Analysts Express Apprehensions

However, analysts believe that the interventions may not be enough to cushion the negative impact the government policies are having on the populace. Chief Executive Officer of the Financial Derivatives Company Limited (FDC), Mr. Bismarck Rewane in his presentation at the Lagos Business School, described the N500 billion palliative announced by President Tinubu on July 31 as an “inadequate dose” that is too little to be effective.

Pointing out that “Nigerians are suffering and angry,” with the misery index at 56.12 per cent and multidimensional poverty at 62.5 per cent, he said, “a material palliative should be at least N10 trillion (5.0 per cent of the GDP),” adding that 10 major companies recorded foreign exchange loss of N764 billion” in the first half of 2023 following the unification of the multiple exchange rates.

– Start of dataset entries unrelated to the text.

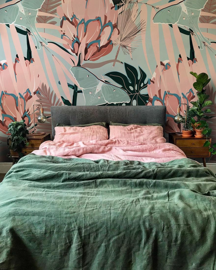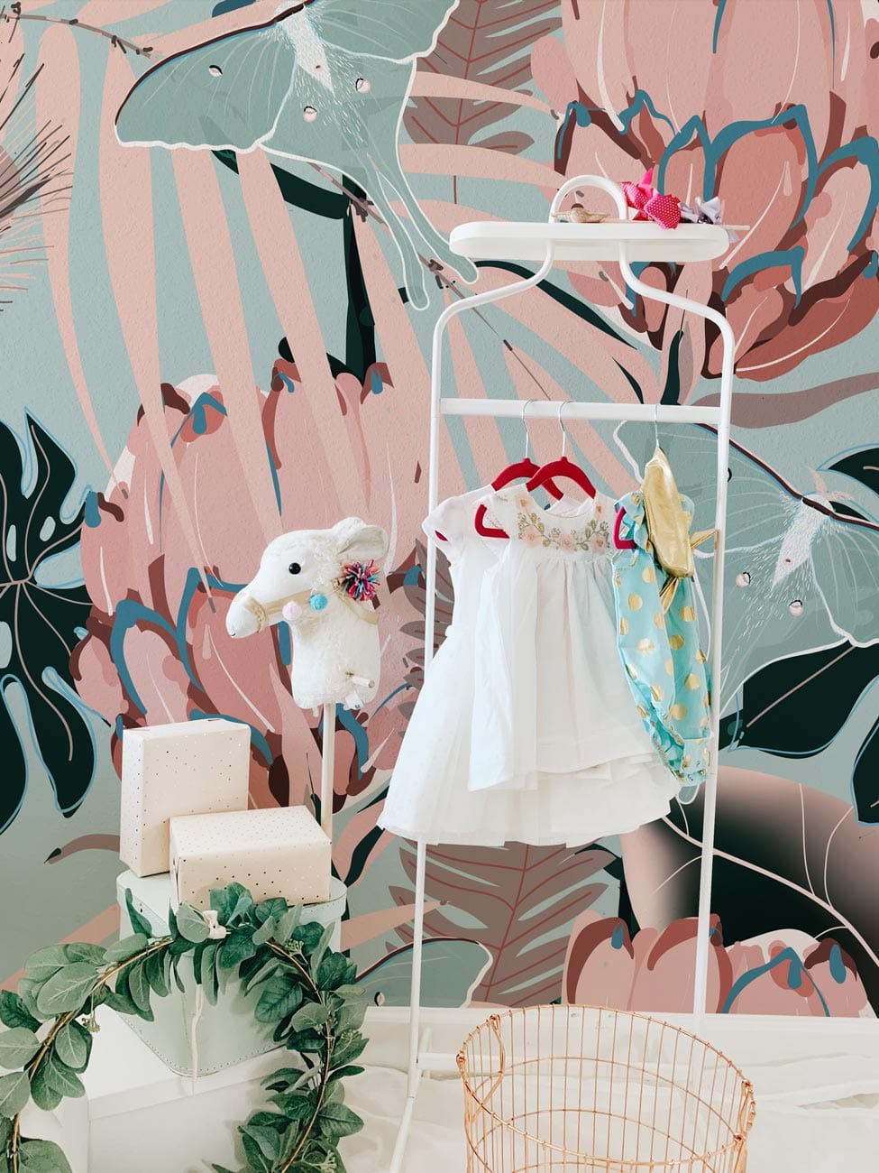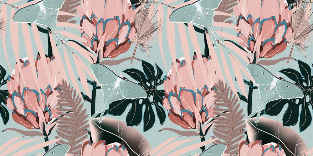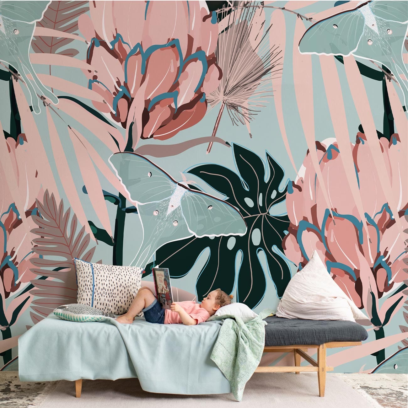 Immerse yourself in the captivating allure of nature with this Tropical Moths and Botanical Bliss mural wallpaper. Delicate moths flutter amidst lush, oversized tropical foliage and elegant florals, creating a serene and picturesque landscape. The sophisticated blend of colours and exquisite detailing invites a sense of tranquillity and depth, seamlessly complementing both classic and contemporary decor styles.
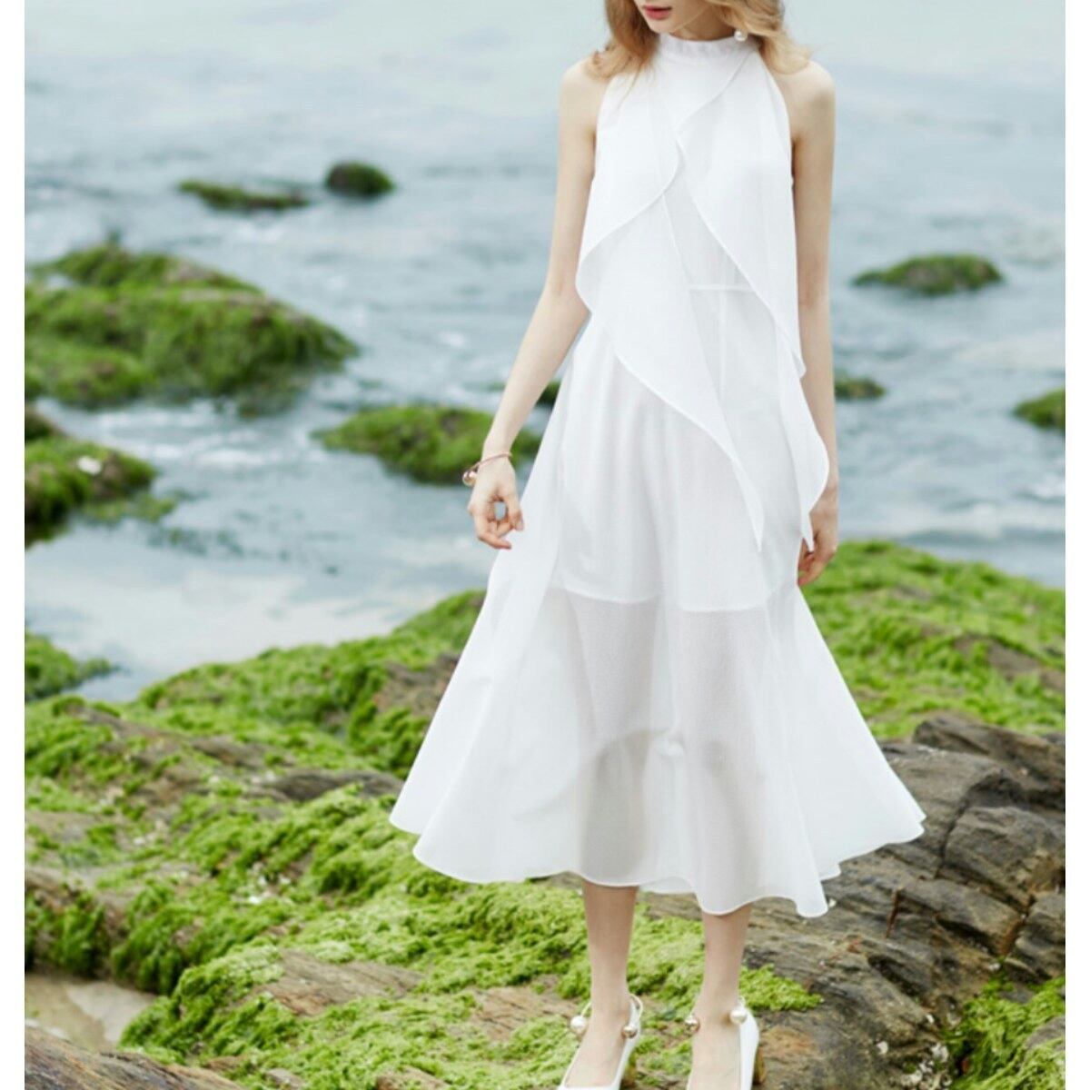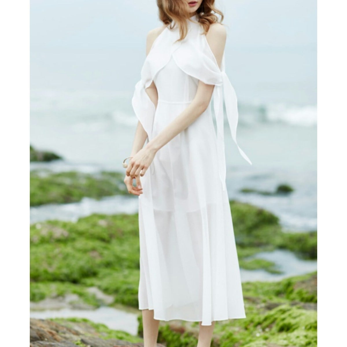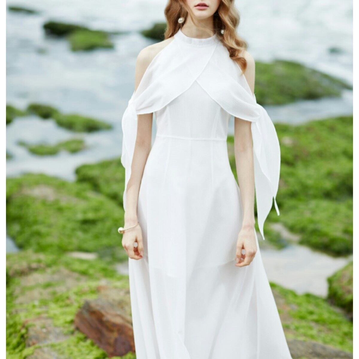 バストラインのドレープのアレンジが楽しい白のロングドレス
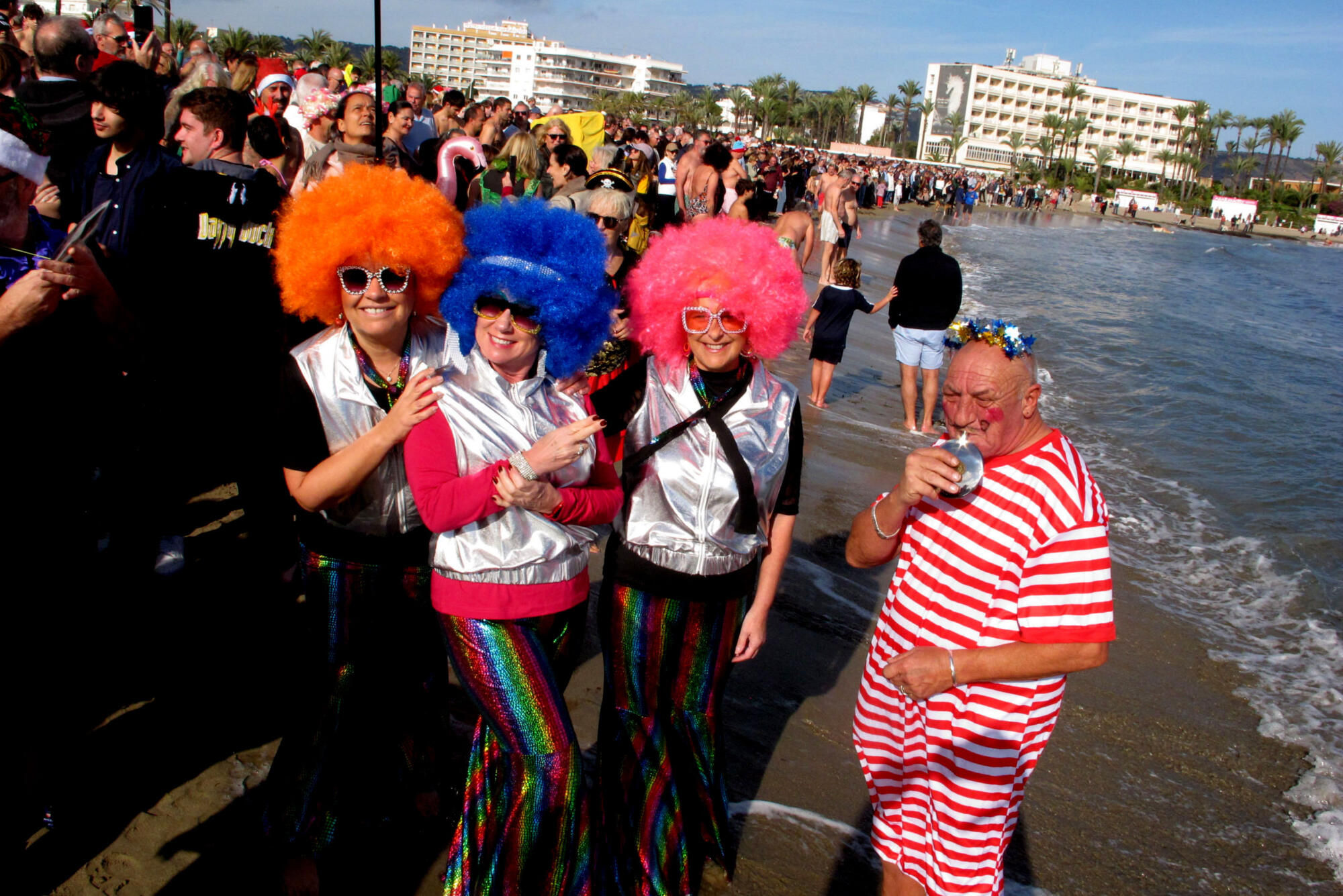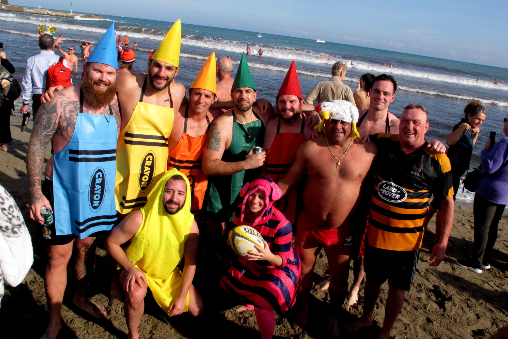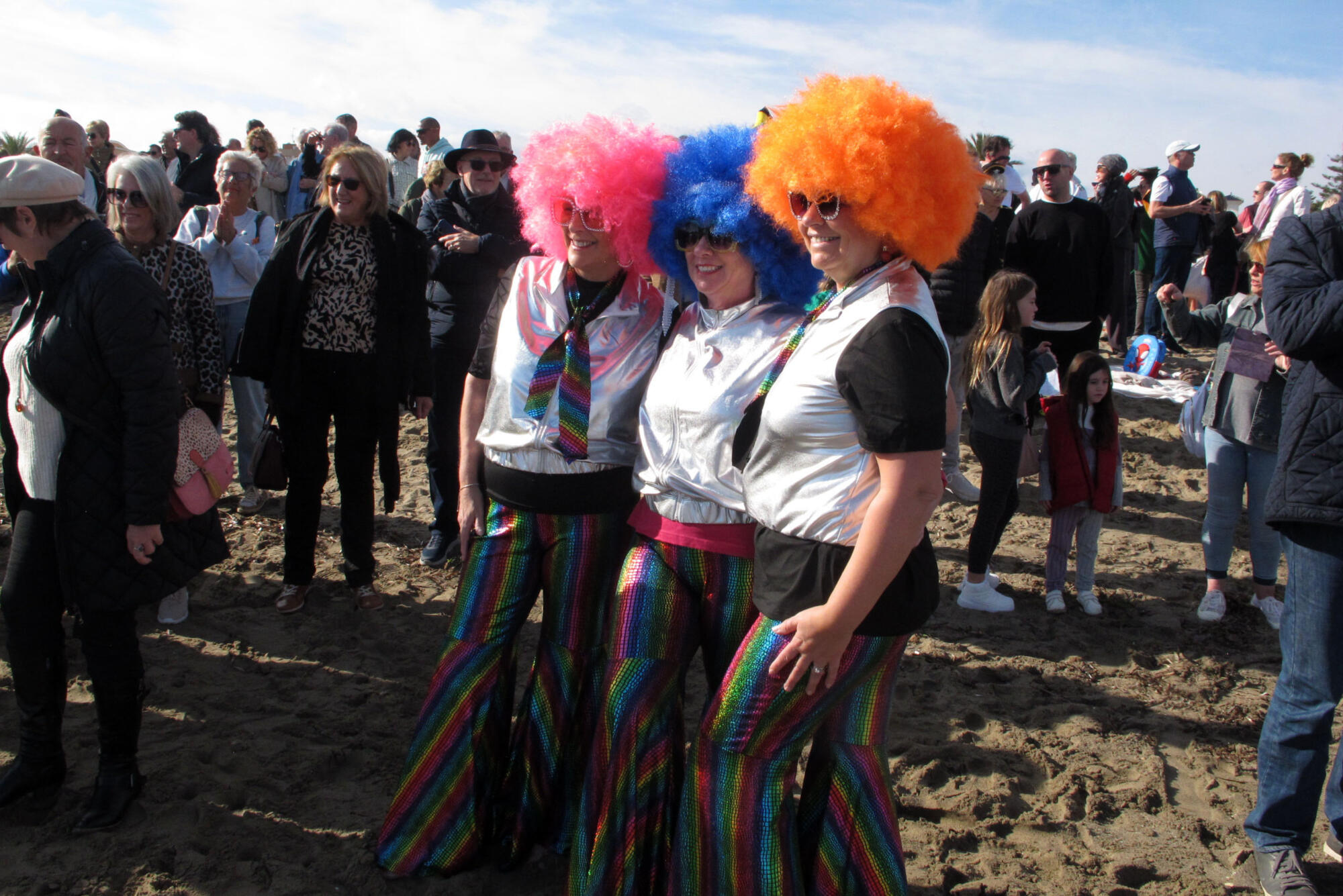 Los osados respondieron así, ataviados con sus mejores disfraces, a la convocatoria, un año más, del Baño Benéfico de Año Nuevo, organizado por el bar Lancashire Bruja, lanzándose al agua sobre las 13 horas, y aguantando dentro unos diez minutos.

He also advised the federal government to carry out, “full implementation of market and institutional reforms, which will lead to sustained economic growth in Nigeria and increased level of investment flows.”

On his part, Head of Ratings at Agusto & Co, Mr. Ayokunle Olubunmi said, “We should wait for the implementation because to me, a lot of them look like more of the same. Don’t forget that one of the main key features of the last Central Bank of Nigeria (CBN) governor is actually the huge amount of intervention funds.

“Giving grants is still more of the same policy. Unfortunately, the speech is actually not clear on how it would be different from the other ones such as the 100 for 100 policy and others. If the implementation is not different, you would be getting the same results. 

 “Now every bank is awash with intervention funds and even most corporations would be asking for intervention funds at 9 per cent. And when implementing, they should be careful not to crowd out taking loans from the banks because people are looking for intervention funds. The success of this initiative would be determined by implementation.”